Scale-up of the vortex wave microfilter using the power ratio

The vortex wave technique enhances microfiltration performance by combining the mixing characteristics of oscillatory flow and flow deflectors. The ability to reproduce these highly convective mixing patterns on a scale applicable to pilot plant studies has been investigated in this paper. The scale-up of a single channel membrane unit (18200 mm²) to a double channel element (106080 mm²) has been investigated in terms of geometric, kinematic and dynamic similarity. A non-dimensional approach has been adopted, wherever possible, to characterise the performance of both microfilters. The kinetics of each system are dominated by the Reynolds number, and the dynamics have been classified in terms of a new non-dimensional number — the power ratio.

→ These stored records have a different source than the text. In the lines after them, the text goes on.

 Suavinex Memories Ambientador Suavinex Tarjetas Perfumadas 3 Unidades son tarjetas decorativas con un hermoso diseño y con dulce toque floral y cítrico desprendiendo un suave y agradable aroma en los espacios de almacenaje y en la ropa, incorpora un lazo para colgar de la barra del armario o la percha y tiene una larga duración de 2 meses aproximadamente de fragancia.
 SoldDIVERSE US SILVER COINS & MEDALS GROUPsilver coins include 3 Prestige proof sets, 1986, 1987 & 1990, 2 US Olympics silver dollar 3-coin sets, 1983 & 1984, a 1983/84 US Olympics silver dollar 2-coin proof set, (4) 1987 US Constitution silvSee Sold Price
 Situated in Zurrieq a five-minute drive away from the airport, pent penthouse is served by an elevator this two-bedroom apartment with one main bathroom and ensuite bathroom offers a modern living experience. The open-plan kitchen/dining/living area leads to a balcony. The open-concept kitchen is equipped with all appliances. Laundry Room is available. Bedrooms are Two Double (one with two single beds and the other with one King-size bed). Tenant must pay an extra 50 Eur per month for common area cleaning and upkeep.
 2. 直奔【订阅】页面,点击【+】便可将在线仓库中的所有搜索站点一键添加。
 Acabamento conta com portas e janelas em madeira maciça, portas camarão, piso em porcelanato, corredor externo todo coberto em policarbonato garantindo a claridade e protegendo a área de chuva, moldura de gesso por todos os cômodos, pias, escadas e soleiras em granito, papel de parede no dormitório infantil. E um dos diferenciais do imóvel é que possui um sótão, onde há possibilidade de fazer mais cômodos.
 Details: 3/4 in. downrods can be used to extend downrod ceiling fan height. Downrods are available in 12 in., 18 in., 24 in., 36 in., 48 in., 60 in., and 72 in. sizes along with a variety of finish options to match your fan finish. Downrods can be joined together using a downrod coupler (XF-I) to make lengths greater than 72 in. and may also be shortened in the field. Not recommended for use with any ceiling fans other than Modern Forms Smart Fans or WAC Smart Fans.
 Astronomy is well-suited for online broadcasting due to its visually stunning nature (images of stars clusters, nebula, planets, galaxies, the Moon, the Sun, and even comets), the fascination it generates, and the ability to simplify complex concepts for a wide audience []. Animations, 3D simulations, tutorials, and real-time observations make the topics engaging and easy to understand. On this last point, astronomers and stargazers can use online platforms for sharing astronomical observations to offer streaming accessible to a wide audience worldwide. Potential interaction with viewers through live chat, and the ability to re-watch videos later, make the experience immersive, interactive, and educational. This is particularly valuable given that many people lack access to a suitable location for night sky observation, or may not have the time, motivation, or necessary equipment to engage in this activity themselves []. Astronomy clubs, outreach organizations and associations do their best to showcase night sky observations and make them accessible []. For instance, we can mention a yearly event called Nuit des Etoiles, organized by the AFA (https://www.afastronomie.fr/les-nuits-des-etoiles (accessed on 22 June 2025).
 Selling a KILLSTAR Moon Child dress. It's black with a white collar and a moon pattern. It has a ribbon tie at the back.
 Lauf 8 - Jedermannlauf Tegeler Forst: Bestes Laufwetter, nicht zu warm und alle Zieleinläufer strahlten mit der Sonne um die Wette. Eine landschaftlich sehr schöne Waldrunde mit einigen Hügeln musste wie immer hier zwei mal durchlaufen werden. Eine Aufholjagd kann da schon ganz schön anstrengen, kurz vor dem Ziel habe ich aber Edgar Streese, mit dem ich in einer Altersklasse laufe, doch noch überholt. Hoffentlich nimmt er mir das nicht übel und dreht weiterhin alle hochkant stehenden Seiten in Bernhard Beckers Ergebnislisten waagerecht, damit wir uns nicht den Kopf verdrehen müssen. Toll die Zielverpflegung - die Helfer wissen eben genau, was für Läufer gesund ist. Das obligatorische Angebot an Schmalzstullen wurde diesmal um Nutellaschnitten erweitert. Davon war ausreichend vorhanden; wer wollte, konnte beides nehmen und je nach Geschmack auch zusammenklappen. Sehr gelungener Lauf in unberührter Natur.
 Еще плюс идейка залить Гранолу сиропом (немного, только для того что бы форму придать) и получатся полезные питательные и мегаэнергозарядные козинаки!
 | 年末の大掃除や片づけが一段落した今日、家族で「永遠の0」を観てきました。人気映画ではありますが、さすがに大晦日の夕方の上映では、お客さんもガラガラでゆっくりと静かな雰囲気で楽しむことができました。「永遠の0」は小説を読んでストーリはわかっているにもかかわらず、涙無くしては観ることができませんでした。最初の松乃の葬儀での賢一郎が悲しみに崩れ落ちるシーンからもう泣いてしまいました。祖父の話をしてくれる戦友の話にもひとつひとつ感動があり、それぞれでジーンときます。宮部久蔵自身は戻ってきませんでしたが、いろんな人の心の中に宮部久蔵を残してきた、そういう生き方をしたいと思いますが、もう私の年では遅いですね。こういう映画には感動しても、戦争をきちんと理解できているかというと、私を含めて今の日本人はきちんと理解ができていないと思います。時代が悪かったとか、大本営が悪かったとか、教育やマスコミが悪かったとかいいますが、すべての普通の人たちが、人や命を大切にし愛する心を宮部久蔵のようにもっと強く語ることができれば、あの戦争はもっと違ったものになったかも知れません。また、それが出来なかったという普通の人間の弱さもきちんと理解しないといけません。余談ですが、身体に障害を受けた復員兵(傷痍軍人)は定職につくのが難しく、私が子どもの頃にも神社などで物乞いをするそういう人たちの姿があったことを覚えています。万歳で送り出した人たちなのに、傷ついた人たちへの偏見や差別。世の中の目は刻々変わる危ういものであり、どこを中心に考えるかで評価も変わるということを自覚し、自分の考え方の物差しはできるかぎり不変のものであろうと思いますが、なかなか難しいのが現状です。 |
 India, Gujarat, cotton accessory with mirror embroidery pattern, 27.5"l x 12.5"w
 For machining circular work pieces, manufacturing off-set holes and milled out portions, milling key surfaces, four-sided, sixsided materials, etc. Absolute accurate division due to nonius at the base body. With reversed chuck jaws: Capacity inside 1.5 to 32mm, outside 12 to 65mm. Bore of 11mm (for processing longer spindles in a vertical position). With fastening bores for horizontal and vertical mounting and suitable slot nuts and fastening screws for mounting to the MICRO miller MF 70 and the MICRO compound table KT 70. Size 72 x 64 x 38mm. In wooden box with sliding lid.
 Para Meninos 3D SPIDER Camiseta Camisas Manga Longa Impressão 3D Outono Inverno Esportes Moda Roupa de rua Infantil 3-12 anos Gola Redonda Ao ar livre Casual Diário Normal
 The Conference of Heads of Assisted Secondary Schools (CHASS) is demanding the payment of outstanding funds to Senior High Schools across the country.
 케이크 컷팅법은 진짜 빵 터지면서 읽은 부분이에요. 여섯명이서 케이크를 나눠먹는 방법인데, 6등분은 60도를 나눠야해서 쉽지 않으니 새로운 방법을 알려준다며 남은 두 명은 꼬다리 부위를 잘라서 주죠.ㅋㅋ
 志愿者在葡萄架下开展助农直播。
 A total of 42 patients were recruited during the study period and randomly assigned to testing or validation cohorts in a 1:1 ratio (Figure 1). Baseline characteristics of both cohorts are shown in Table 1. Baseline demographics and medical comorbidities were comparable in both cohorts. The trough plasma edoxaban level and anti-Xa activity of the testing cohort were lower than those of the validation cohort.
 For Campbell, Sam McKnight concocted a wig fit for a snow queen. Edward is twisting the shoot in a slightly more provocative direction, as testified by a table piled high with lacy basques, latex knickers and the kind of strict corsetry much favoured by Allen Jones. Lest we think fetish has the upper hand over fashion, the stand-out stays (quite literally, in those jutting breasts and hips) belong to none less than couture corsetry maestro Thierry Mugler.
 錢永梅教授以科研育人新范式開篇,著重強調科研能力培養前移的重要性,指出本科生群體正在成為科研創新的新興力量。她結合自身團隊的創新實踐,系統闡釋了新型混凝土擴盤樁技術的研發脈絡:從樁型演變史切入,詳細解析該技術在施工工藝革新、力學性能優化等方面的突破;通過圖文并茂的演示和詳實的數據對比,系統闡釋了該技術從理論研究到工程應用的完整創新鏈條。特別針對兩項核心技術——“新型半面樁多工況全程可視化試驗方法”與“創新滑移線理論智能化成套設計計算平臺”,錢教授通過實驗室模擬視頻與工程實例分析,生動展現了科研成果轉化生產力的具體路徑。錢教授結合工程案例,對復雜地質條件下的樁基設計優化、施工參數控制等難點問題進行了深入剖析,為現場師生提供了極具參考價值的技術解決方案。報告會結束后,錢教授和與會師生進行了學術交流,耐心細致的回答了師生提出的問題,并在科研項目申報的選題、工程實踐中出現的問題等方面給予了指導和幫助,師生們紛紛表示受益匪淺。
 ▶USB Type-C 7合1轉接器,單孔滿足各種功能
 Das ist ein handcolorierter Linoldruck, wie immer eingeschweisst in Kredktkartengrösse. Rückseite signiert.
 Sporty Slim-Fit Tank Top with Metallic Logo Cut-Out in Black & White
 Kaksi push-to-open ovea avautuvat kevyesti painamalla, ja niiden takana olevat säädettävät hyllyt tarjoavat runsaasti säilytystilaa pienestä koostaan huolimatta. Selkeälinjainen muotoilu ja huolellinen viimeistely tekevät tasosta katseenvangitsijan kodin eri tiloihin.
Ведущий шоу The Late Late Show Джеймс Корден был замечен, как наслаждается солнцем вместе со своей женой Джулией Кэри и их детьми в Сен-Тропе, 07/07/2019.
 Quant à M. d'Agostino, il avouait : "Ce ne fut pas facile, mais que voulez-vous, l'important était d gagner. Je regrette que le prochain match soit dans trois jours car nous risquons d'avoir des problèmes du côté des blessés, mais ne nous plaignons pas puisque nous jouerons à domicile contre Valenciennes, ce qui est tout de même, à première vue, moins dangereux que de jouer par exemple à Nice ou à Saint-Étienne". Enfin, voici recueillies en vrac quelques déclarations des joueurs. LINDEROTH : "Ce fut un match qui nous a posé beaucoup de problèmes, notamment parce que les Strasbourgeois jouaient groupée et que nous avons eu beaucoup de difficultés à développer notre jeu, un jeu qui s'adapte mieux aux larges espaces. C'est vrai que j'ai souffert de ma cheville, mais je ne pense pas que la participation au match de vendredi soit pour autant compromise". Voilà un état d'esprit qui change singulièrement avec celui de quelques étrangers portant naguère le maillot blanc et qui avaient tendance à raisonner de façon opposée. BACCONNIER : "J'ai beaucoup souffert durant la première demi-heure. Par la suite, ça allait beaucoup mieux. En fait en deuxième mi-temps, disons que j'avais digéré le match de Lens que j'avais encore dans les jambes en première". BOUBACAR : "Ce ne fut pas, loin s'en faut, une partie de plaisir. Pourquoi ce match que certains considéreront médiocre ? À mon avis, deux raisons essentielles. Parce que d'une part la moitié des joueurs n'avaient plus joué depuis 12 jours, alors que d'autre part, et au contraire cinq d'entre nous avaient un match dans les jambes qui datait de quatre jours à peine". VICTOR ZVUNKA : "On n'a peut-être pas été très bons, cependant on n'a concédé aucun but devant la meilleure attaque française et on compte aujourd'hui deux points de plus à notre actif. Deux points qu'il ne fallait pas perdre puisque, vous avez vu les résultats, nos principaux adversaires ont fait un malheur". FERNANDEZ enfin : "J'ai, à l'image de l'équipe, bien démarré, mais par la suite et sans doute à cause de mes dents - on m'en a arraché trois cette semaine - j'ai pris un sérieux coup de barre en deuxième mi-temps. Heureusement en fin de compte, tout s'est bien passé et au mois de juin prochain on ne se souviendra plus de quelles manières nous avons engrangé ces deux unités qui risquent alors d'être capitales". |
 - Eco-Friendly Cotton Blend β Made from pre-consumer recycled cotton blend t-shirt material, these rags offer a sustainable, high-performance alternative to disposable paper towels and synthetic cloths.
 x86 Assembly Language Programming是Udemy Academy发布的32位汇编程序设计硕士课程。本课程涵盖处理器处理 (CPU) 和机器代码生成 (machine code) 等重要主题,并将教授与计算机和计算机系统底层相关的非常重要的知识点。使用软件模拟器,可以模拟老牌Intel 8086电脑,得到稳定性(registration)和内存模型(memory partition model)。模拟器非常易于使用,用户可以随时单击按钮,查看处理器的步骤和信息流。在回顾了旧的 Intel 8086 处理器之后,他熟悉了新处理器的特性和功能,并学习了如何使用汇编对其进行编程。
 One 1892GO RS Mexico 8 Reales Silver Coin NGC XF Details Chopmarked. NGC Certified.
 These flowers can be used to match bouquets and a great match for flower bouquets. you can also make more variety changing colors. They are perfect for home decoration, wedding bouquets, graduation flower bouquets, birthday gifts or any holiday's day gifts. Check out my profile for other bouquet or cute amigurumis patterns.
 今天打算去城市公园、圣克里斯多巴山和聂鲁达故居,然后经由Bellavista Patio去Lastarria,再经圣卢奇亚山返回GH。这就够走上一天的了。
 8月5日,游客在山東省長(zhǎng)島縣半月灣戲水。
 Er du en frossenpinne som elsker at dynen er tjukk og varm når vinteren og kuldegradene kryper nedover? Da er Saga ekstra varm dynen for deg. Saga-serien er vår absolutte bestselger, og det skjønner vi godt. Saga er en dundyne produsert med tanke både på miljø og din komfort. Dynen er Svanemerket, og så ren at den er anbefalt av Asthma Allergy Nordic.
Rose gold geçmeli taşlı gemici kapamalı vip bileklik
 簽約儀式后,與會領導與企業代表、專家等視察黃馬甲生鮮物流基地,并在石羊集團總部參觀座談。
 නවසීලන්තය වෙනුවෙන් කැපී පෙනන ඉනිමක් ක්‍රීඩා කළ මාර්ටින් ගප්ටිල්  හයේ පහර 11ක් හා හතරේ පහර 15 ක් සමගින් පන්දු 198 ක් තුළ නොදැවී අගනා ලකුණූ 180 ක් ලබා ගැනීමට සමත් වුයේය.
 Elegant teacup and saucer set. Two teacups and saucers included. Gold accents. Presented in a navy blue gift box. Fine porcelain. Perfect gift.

The power ratio has been employed to predict accurately the performance of the scaled-up filter, and also to provide an indication of transitional flow patterns. The inhibition of a gel-layer within the vortex wave modules has been demonstrated by the non-linear relationship between flux and transmembrane pressure. Experimental results and a theory which includes the effects of osmotic-pressure show that the flux is directly proportional to the cube root of the transmembrane pressure. Non-dimensional analysis of the experimental results indicates a similar trend, whereby the flux is directly proportional to the cube root of power dissipation under two-dimensional, laminar flow conditions.